2009: Will Berkshire pay a dividend?
CAROL LOOMIS: I promise you, this question did not come from Susan Lucci. However, it does concern dividend policy. It came from Peter Sargent of Yardley, Pennsylvania.
And to ask that, he quotes from principle number 9 of the “Owner’s Manual.” And Warren wrote there, quote:
“We feel noble intentions should be checked periodically against results. We test the wisdom of retaining earnings by assessing whether retention over time delivers shareholders at least $1 of market value for each $1 retained. To date, this test has been met.” Now, this was written some time ago.
“We will continue to apply it on a 5-year rolling basis. As our net worth grows, it more difficult to use retained earnings wisely.”
So I’m now quoting the questioner here:
“The recent annual report made me think about the performance of both the company and the stock price. Berkshire seems to have done quite well in the past few years. But the stock price seems to have not quite kept pace.
“So I looked at the last five years of earnings per share. They’re on page 26 of the annual report.

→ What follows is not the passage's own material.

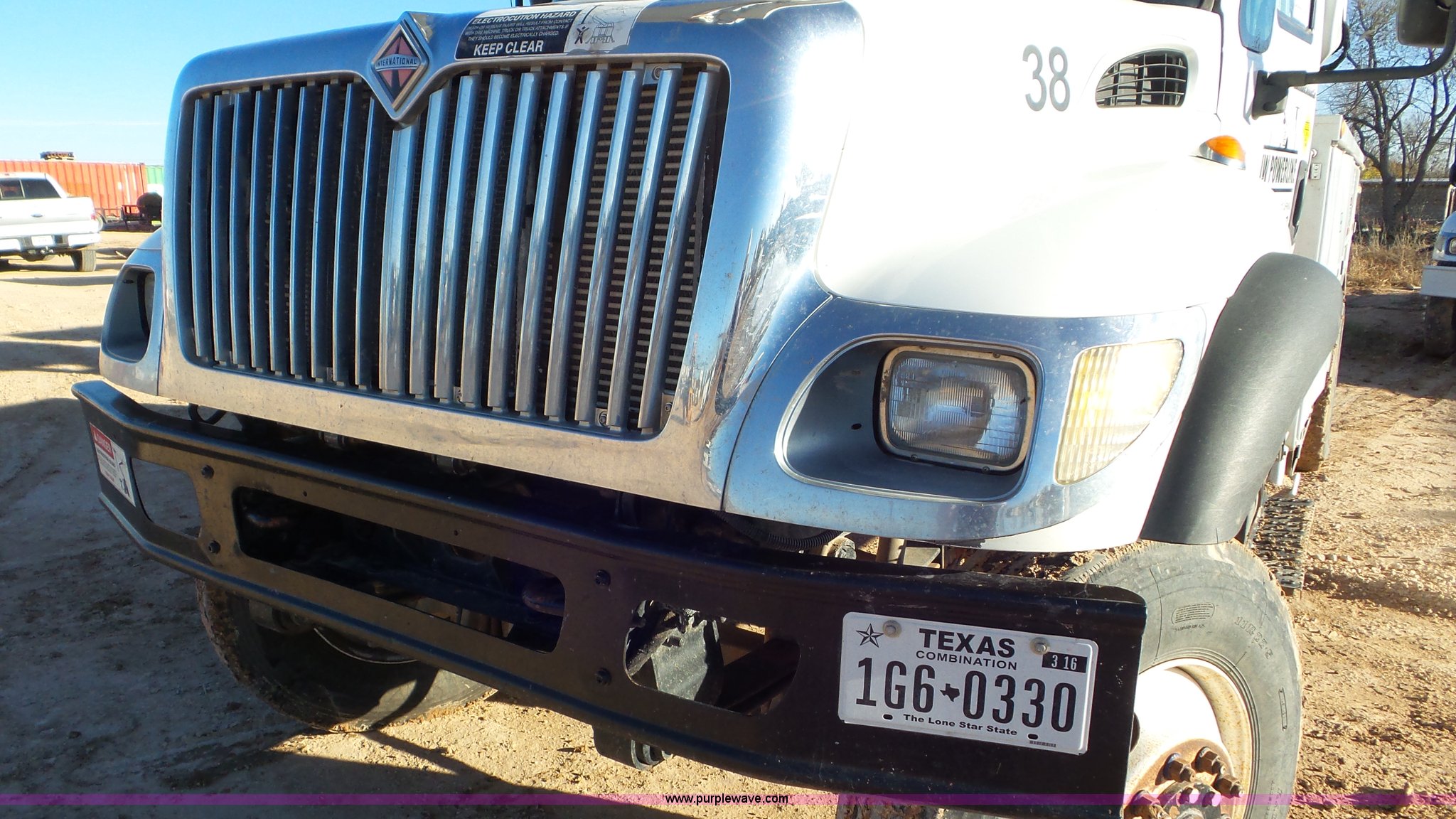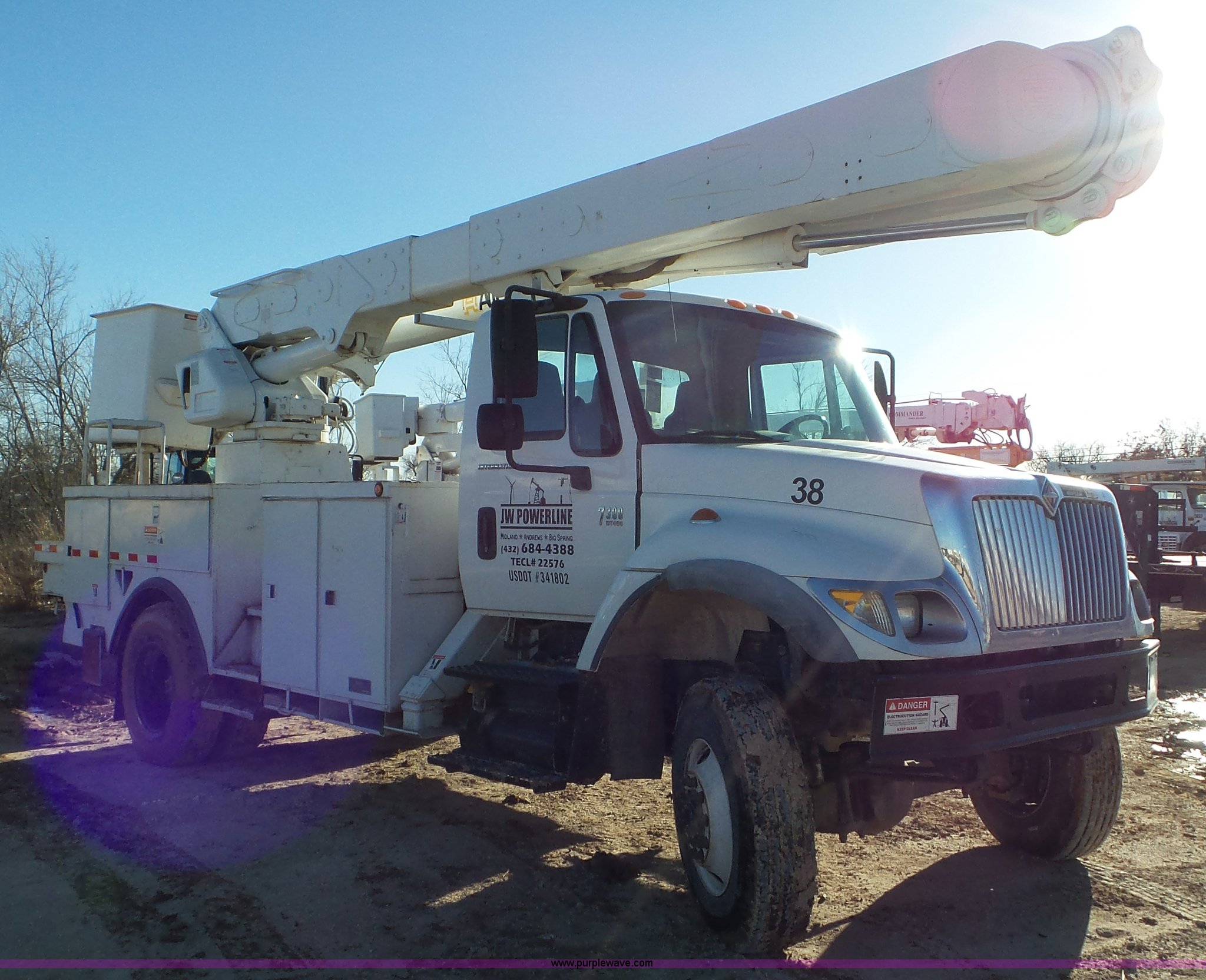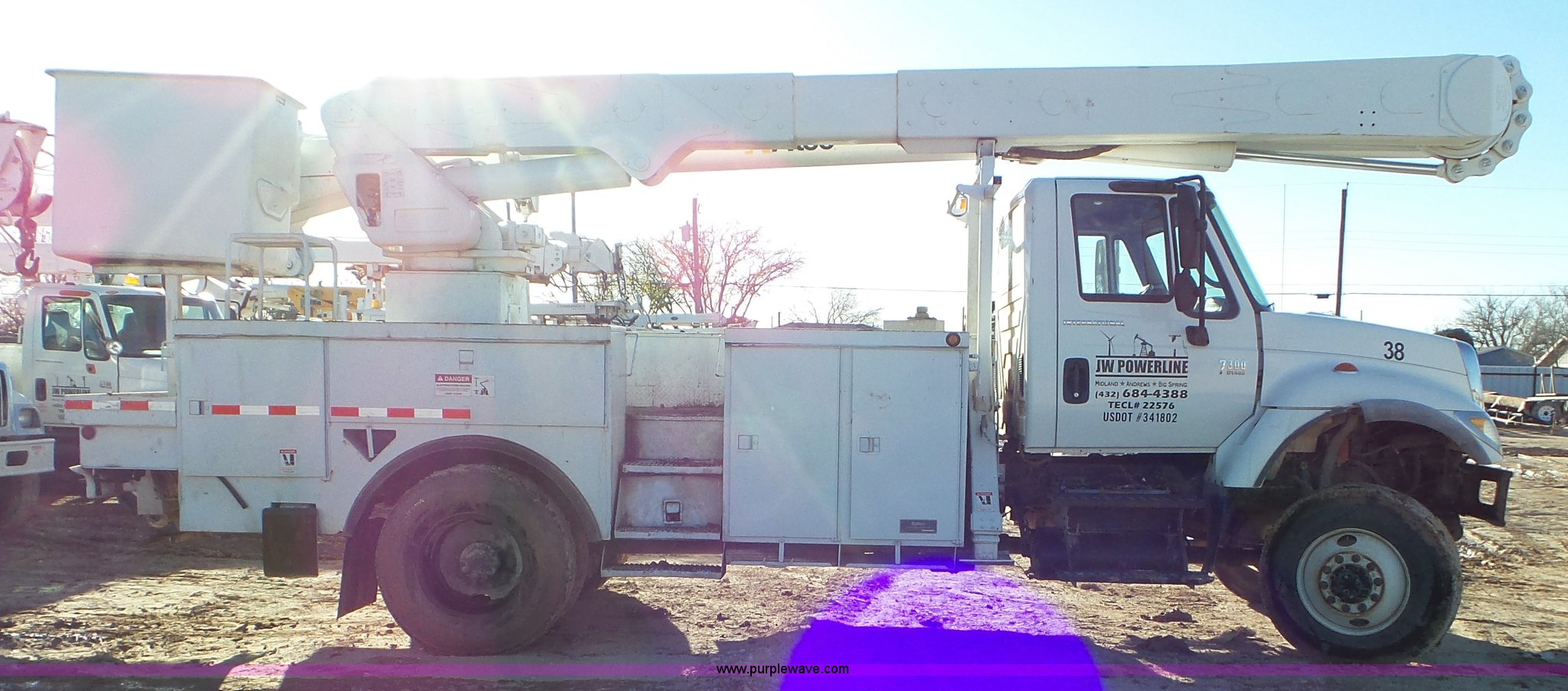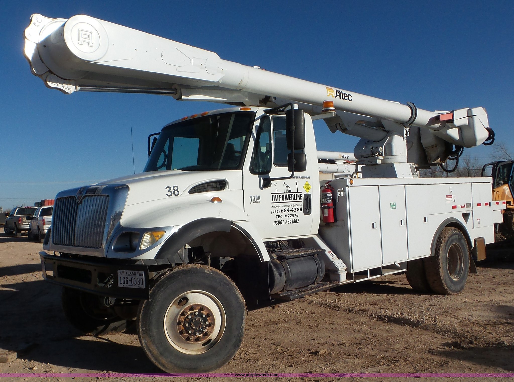 Purple Wave is selling a used Bucket Truck in Texas. This item is a 2004 International 7300 bucket truck with the following: 86,821 miles on odometer, 13,580 hours on meter, International DT466 7.6L L6 turbo diesel engine, Automatic transmission, Four wheel drive, AC and heat, Cruise, AM/FM/cassette, Cruise, Beacon light, PTO, Altec 16'L service bed, Shelving, 2003 Altec AM55 boom, Serial 0503DM0237, 600 lbs maximum lift capacity, 55' maximum lift height, Ground and platform controls, Boom rotation, Man basket, Articulating insulated boom, (4) outriggers, Single fuel tank, 195" wheelbase, Pintle hitch, Spring suspension, Air brakes, Trailer wiring, 11R22.5 front tires, 12R22.5 rear tires, Unit# 38

And they add up, in total, to $29,207.
“As you probably know, the closing price of Berkshire on December 31st, 2008 was 84,250. If you add the 29,207 per share of retained earnings to this, you come up with a, quote, ‘minimum market value of 113,457.’
“Since Berkshire closed on 12/31/2008 at 96,600” — oh, wait, I have read something wrong here.
“The closing price of Berkshire on 12/31/2003 was 84,250.
“And since Berkshire closed on 12/31/2008 at 96,600, and it’s been lower than that since, and is now around that now, it would seem that the market value has not increased for each $1 retained.
“Assuming my analysis is correct, it raises the question of whether or not Berkshire will pay a dividend in the coming year or not.”
WARREN BUFFETT: Well, we’ll now have a short quiz on that program — (laughter) — on the question.
The earnings, incidentally, of the 5-year period would include gains from things that were listed in unrealized appreciation at the end of the period.
In other words, some of those were actually built into the asset value at the time, but then become realized.
But the truth is if you take all of the money we earned in the five years, and the stocks, bonds, businesses purchased, and you sold them for cash on December 31st, 2008, we would not have — we would’ve had a loss on that, I mean, under the conditions that existed on December 31st, 2008.
I think that’s probably true of almost all capital programs that were (inaudible) — if you really measured it by what you could’ve sold, the businesses we bought — we love those businesses.
But there was no market to speak of for many businesses at that time. And security values were down significantly.
So I would say that he’s absolutely right, that measured on the value on December 31st, 2008, that the reinvested earnings had not produced a dollar market value at that particular market point.
Now, I would say this, that we also say we measure our business performance against the S&P. And we use book value as a conservative proxy for intrinsic business value.
We think intrinsic business value is higher, but we use that as a proxy. And we’ve done that consistently throughout the history of Berkshire.
And during that 5-year period — or during any — we’ve never had a 5-year period when we’ve under-performed the S&P, in terms of the — what I would call the intrinsic value measure of Berkshire.
And, as I said a few years ago, it’s — as we get larger, it’s much harder to do that, and we’ll settle for a couple of points better.
But so far, that test has been made — been met. And it’s been met while we reinvested all earnings.
So I think that we still have got the burden of — we still should have to prove by the fact that Berkshire will sell above the earnings we’ve retained. Berkshire sells above it — every dollar that’s been retained at Berkshire translates even today into more than a dollar of market value.
But I would certainly say that if you took the five years and just sold all the things we bought during that period at that price, that there would be a loss.
Charlie?
CHARLIE MUNGER: Yeah, I don’t get too excited about these oddball things that happen once every 50 years.
If you’re reasonably prepared for them and you’re dented a little on the bottom tick, and other people are suffering a lot more, and unusual opportunities are coming to you that you don’t see under other conditions, I don’t think we deserve any salt tears.